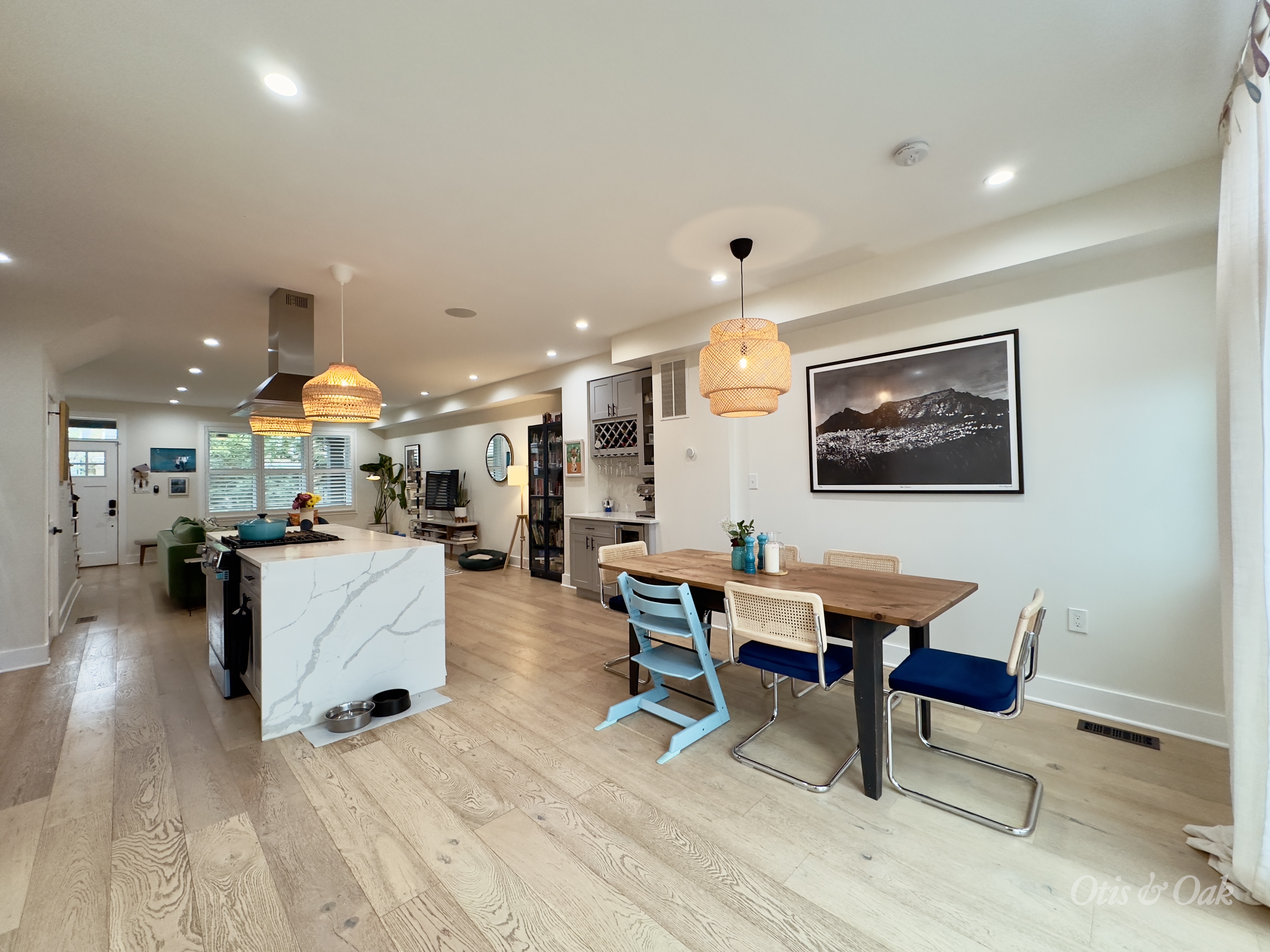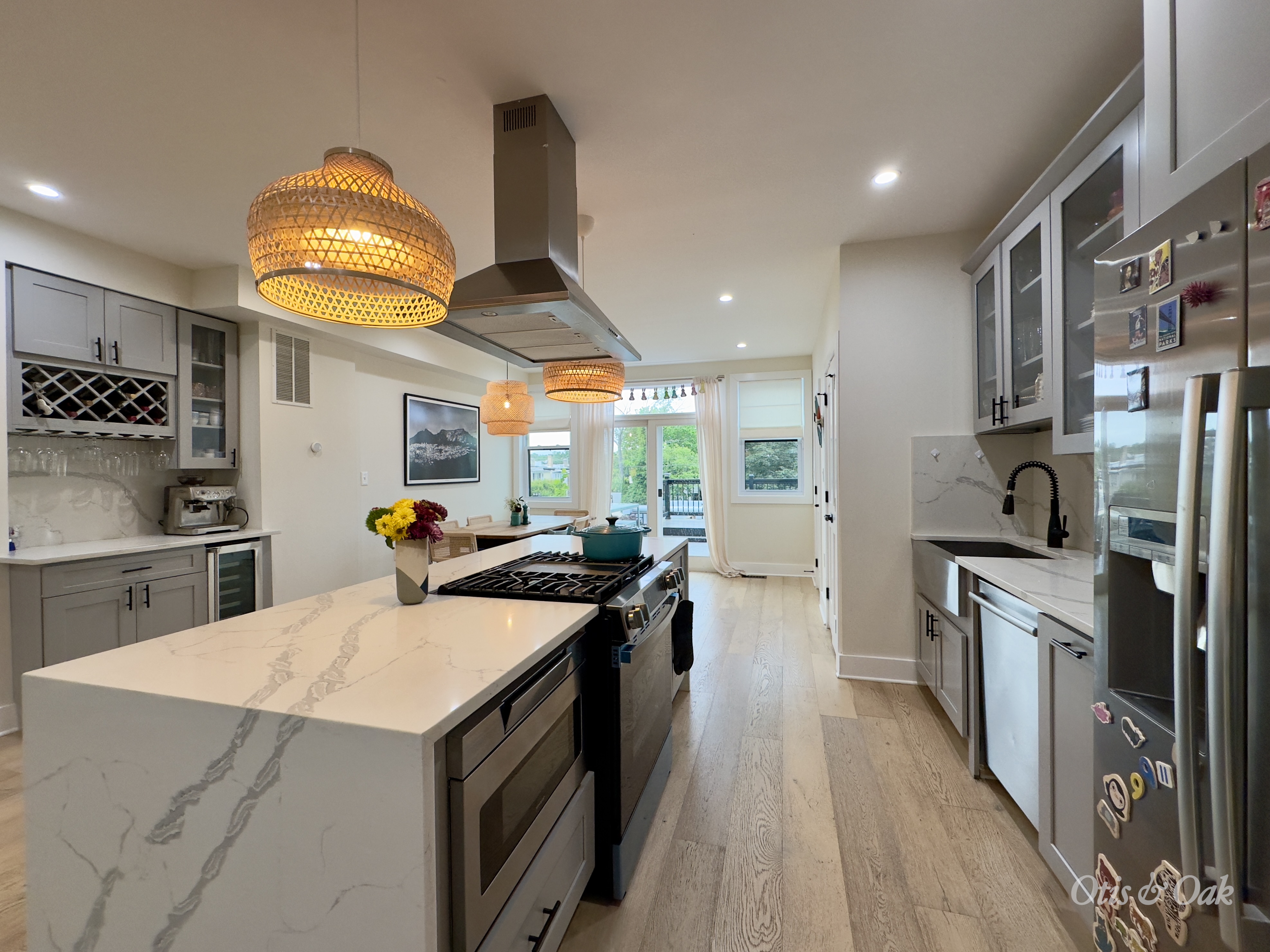 Step inside to a bright and airy open-concept main floor with oversized living and dining areas, wine bar, pantry, and powder room.
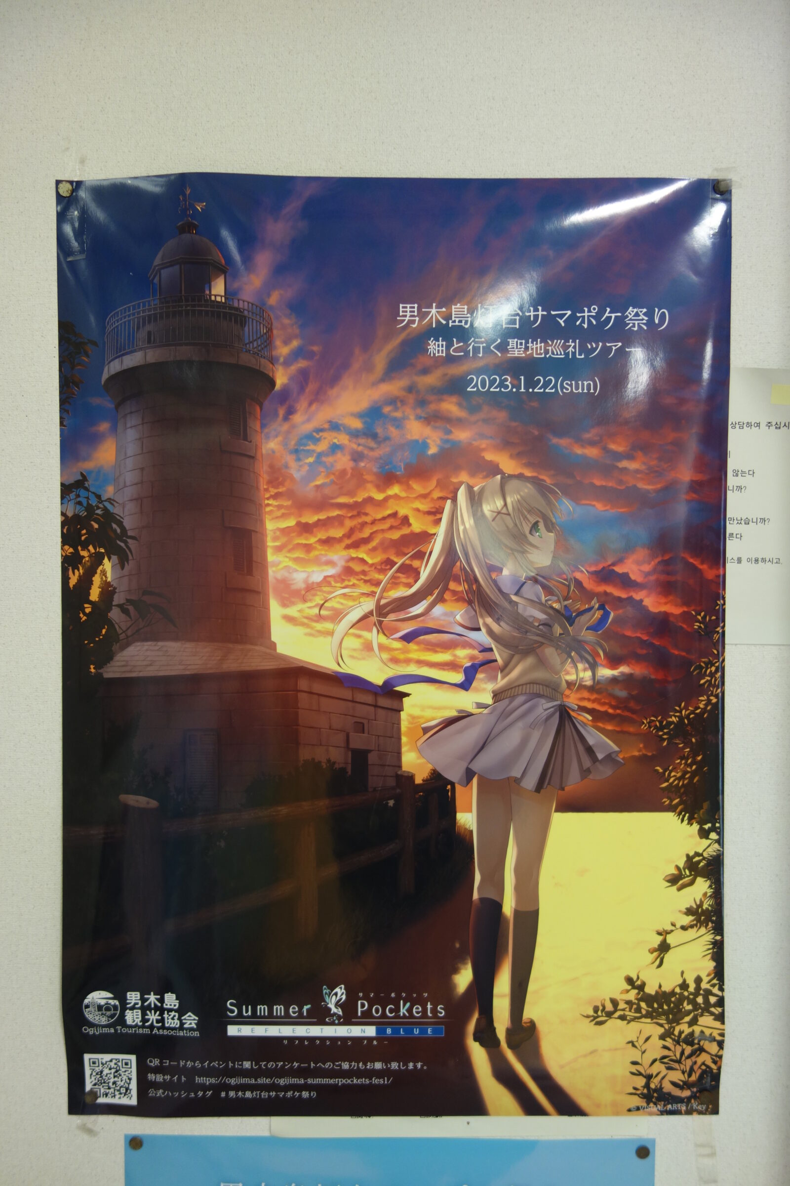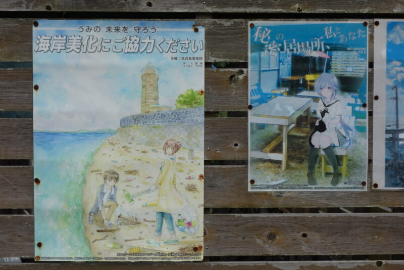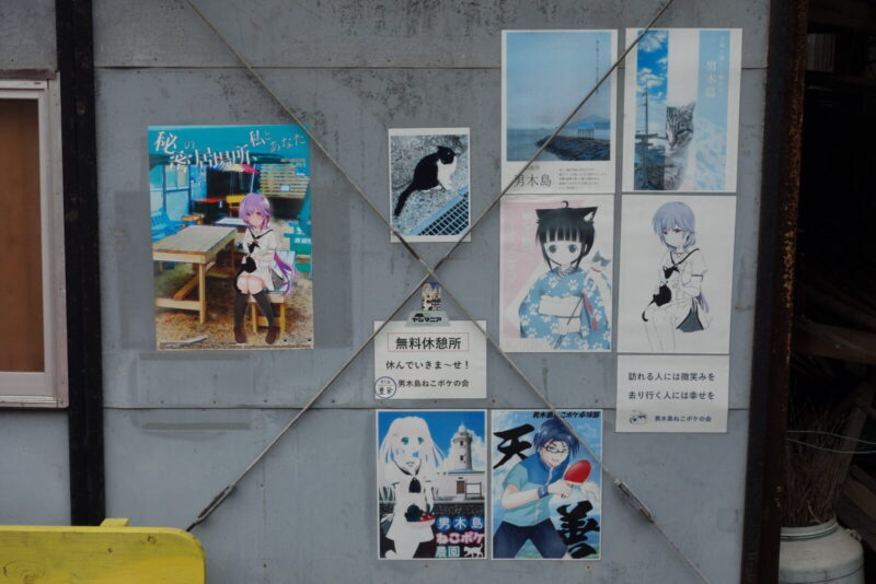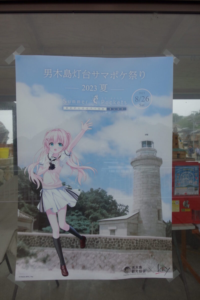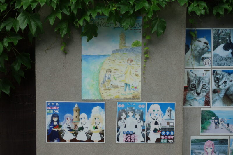 つ、つむぎ(紬)ちゃんがいた「ようこそ男木島へ」だって、去年のポスター?なんか色あせてる~(;´Д`)
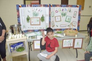 Young Edison proudly explained the many important properties of the sacred medicine giizhik (cedar) in great detail and had plenty of cup of delicious and healthy cedar tea on offer to visitors at his booth.
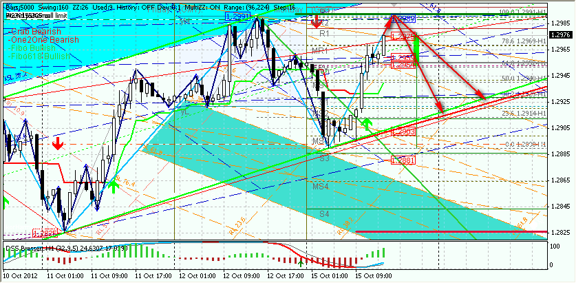 А первая цель роста отработала... Я так понимаю, сейчас цена доберется до фибо 50 (1,2957). Здесь же и дневной пивот 1,2955. И будет какая-то коррекция роста. Вряд ли ниже 1,2922. Посмотрю по закрытию часовой свечи, вероятно поставлю бай-лимит.
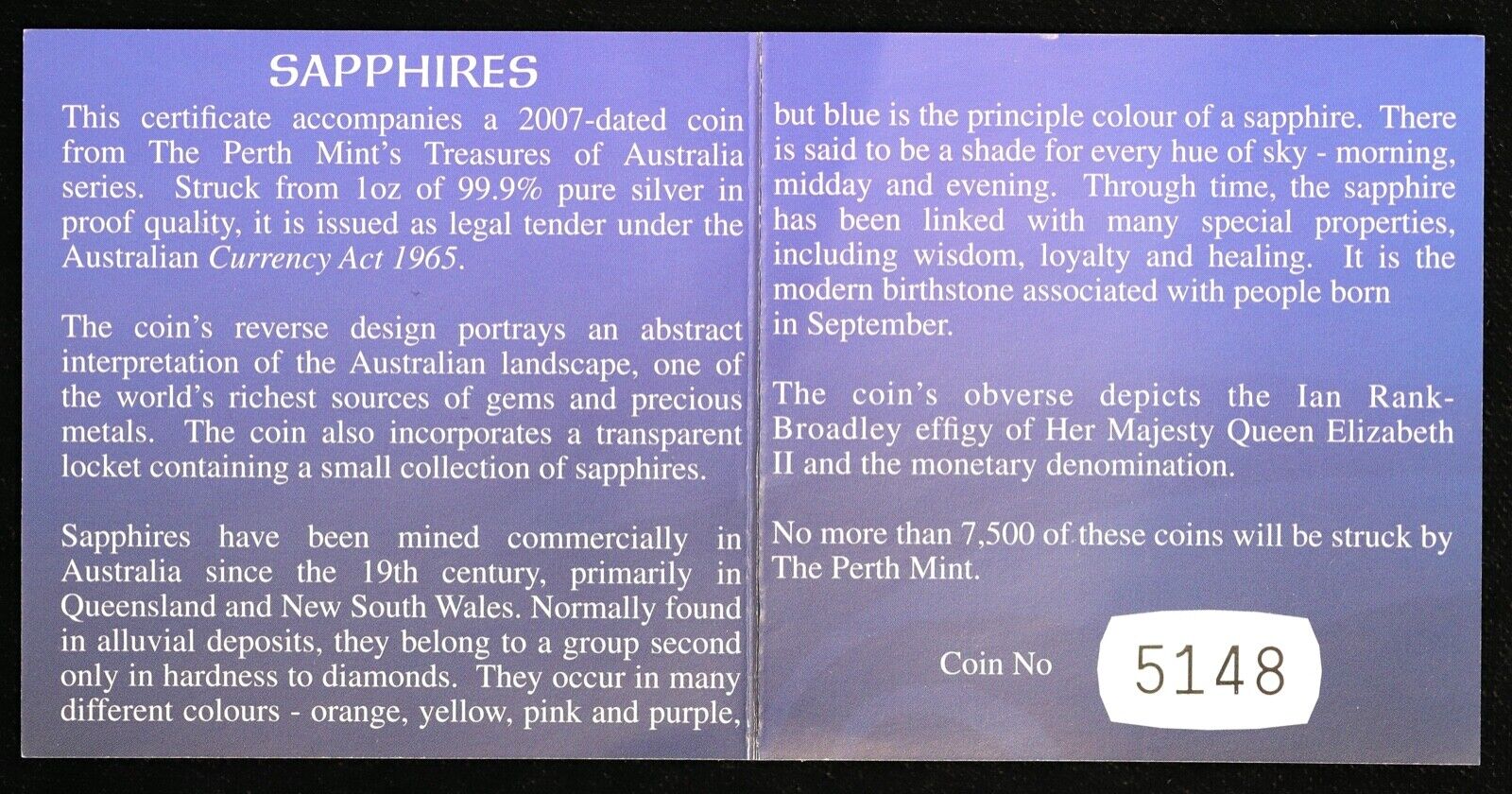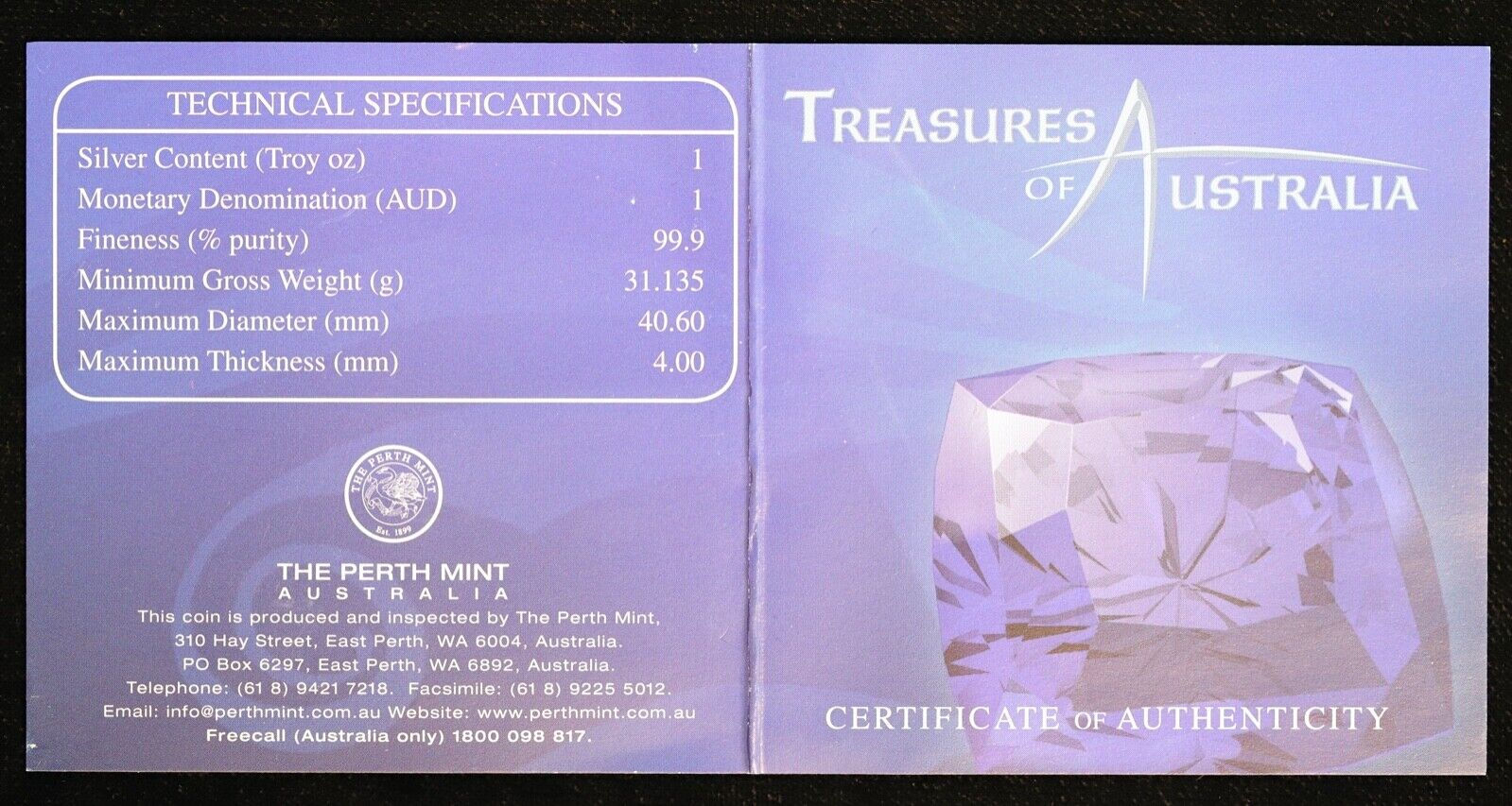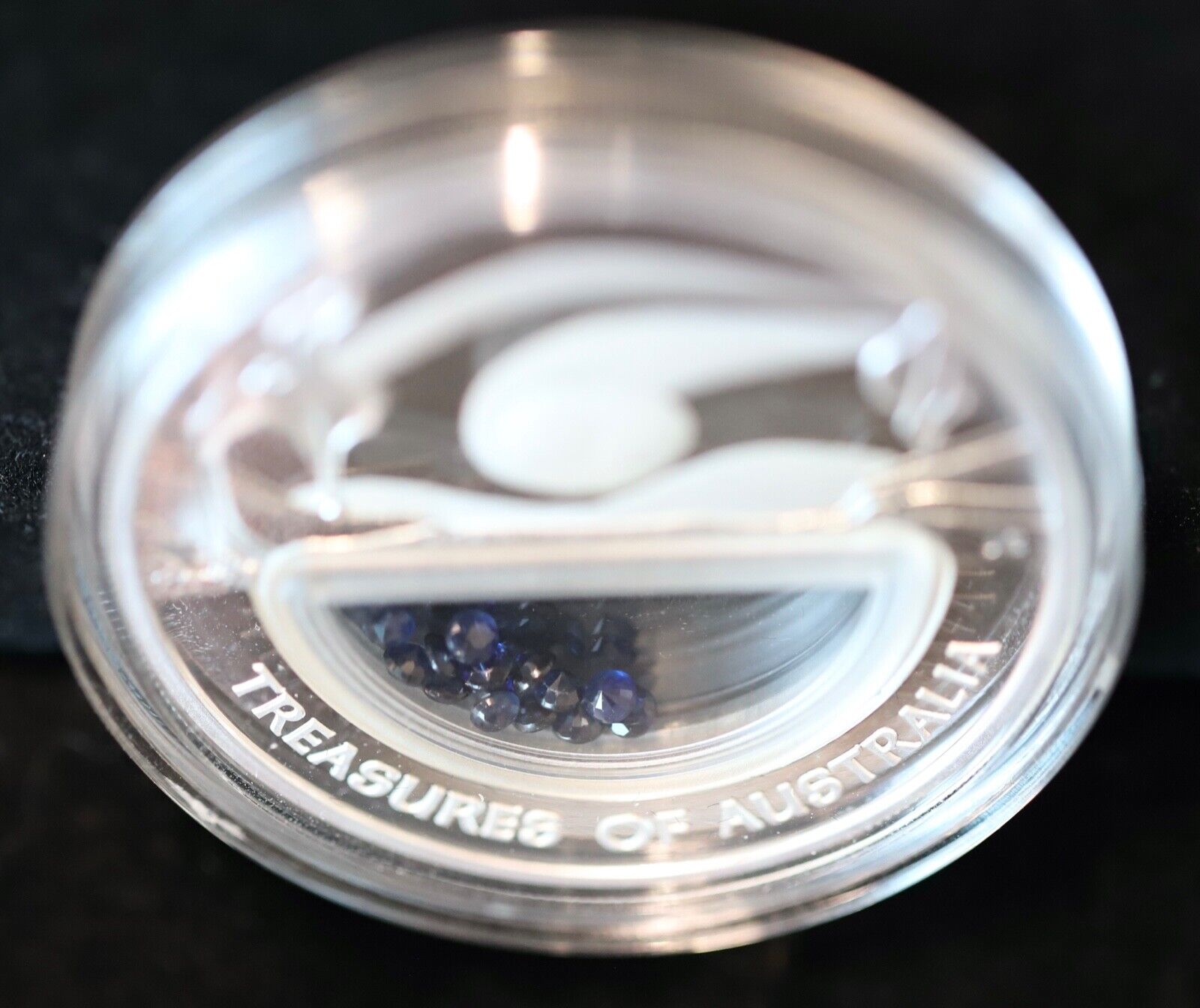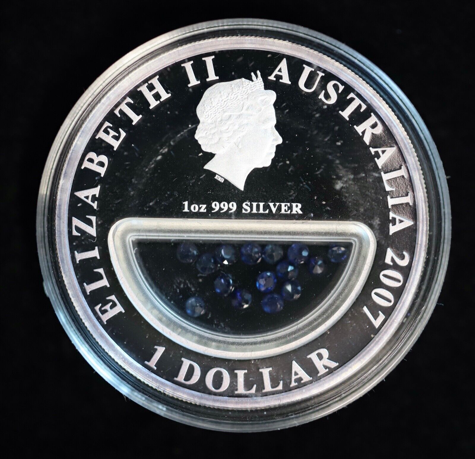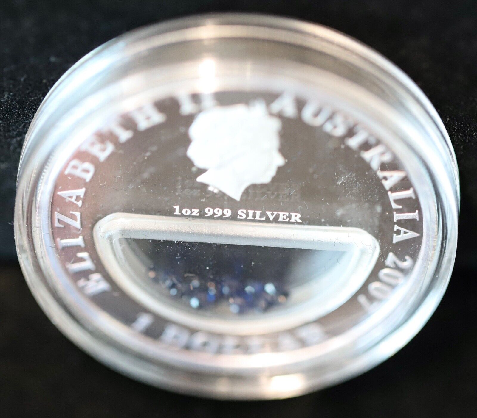 For sale is a 2007 Treasures of Australia 1 oz .999 Silver with Blue Sapphire Crystals & Box/COA. View pictures for details and condition. There are multiple available, so the coin you receive may not be the exact coin pictured, however it will be similar quality. Feel free to contact us with any questions.

----------------

[What you should do] The line containing "Young Edison proudly" marks the end: transcribe every line from the start of the listing up to and including it, minus the pictures.

[Written response]
 Step inside to a bright and airy open-concept main floor with oversized living and dining areas, wine bar, pantry, and powder room.
 つ、つむぎ(紬)ちゃんがいた「ようこそ男木島へ」だって、去年のポスター?なんか色あせてる~(;´Д`)
 Young Edison proudly explained the many important properties of the sacred medicine giizhik (cedar) in great detail and had plenty of cup of delicious and healthy cedar tea on offer to visitors at his booth.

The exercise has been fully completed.